There is no point looking for insight into data which is corrupt, which unfortunately a great deal of data is. The first step in any data exploration project is therefore cleaning, which consists of the elimination of errors, redundancies, and inconsistencies in data.
The simplest way to clean data is to do it by hand with a spreadsheet application like Google Docs. You can, however, speed up the process by using specialized data cleaning tools like OpenRefine. OpenRefine anticipates common problems with tabular data and allows you to quickly eliminate them. It has a bit of a learning curve, so be sure to set aside a few hours for experimentation.
Once you have polished your data, you can peer into it to see the stories it contains. This means performing analysis: finding meaningful characterizations of data (mean, standard deviation, etc.) and its structure (relationships between variables).
Spreadsheet applications are the traditional tool for data analysis, but simpler and quicker alternatives are becoming more popular. StatWing is a web application that allows you to upload tabular data and perform simple statistics to arrive at a picture of your data’s properties and structure. QueryTree is a similar web application with an innovative drag-and-drop interface. Both applications aim to simplify and democratize analysis. Neither, however, is free and open software—so you may prefer to stick to free spreadsheet applications.
Charts and graphs
Once you understand your data, you can communicate your understanding. Visual presentation is the most intuitive means of imparting insight into data. The most important skill for a would-be data storyteller is therefore creating straightforward informational graphics. Excellent tools for this purpose abound.
Datawrapper is perhaps the simplest way to create and publish an infographic online. Datawrapper is an open-source web-based tool for creating “simple and correct” charts that can be embedded in web pages. Creating a chart with Datawrapper is as simple as pasting in your data, choosing a layout, and publishing the result.
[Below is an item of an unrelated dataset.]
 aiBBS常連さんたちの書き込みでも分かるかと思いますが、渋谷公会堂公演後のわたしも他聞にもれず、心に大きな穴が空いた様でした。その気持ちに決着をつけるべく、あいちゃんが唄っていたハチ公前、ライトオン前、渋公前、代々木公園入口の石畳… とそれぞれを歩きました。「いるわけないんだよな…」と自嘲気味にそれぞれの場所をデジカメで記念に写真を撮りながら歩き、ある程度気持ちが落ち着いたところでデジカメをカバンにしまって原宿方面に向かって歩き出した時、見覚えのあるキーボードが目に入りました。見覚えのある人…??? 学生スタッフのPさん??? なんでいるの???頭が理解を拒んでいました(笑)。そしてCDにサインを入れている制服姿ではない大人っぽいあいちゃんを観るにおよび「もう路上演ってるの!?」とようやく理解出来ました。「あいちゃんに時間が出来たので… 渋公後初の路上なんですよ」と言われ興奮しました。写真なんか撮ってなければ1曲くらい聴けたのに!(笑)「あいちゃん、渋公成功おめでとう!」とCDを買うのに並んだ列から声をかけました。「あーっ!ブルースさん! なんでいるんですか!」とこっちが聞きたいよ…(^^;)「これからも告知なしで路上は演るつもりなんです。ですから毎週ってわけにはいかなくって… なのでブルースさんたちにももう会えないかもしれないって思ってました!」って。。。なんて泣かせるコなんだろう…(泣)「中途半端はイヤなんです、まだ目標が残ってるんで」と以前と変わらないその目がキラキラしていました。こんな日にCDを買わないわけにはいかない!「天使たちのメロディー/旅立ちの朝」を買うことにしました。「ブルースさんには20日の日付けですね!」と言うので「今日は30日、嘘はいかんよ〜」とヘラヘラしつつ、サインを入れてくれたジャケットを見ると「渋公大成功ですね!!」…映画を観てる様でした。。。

Each chart Datawrapper creates includes a link to the source data, allowing your readers to verify or recreate your work. For a stylish (but non-free) alternative to Datawrapper, try Infogr.am, a new tool which allows you to create complex layouts of infographical elements.
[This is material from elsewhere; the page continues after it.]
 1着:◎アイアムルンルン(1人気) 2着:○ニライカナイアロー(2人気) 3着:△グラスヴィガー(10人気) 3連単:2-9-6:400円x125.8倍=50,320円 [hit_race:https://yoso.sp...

Data’s potential impact often derives from its connection to place. The best way to communicate this connection is a map visualization. Such maps can have a powerful effect on public policy. The Solano County Community Advocates, armed with both data and freely available data literacy training provided by the California Health Interview Survey, were able to create a map of asthma incidences that helped them successfully argue against a polluting construction project in their county.
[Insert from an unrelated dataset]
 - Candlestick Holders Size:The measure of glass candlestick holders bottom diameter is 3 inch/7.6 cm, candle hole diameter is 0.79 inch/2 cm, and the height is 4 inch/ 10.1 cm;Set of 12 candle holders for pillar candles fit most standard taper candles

In the world of data-driven cartography, one application stands out. Google Fusion Tables is a tool in the Google Drive suite that, in spite of still being “experimental” software, is the single most important application in journalistic cartography. Embedded maps created with Fusion Tables can be found wherever journalists have presented spatial data online; Canada’s Global News credits Fusion Tables with allowing them “to ram out dozens of census maps on the day of a census release”. Fusion Tables is a tool for merging together sets of data and visualizing them. Data which includes spatial coordinates can be visualized on a Google map, or it can be linked to a custom boundary file to create “intensity maps” providing a colourful view of how some quantity varies over space. Fusion Tables includes sample datasets and tutorials which allow you to quickly get started with the software.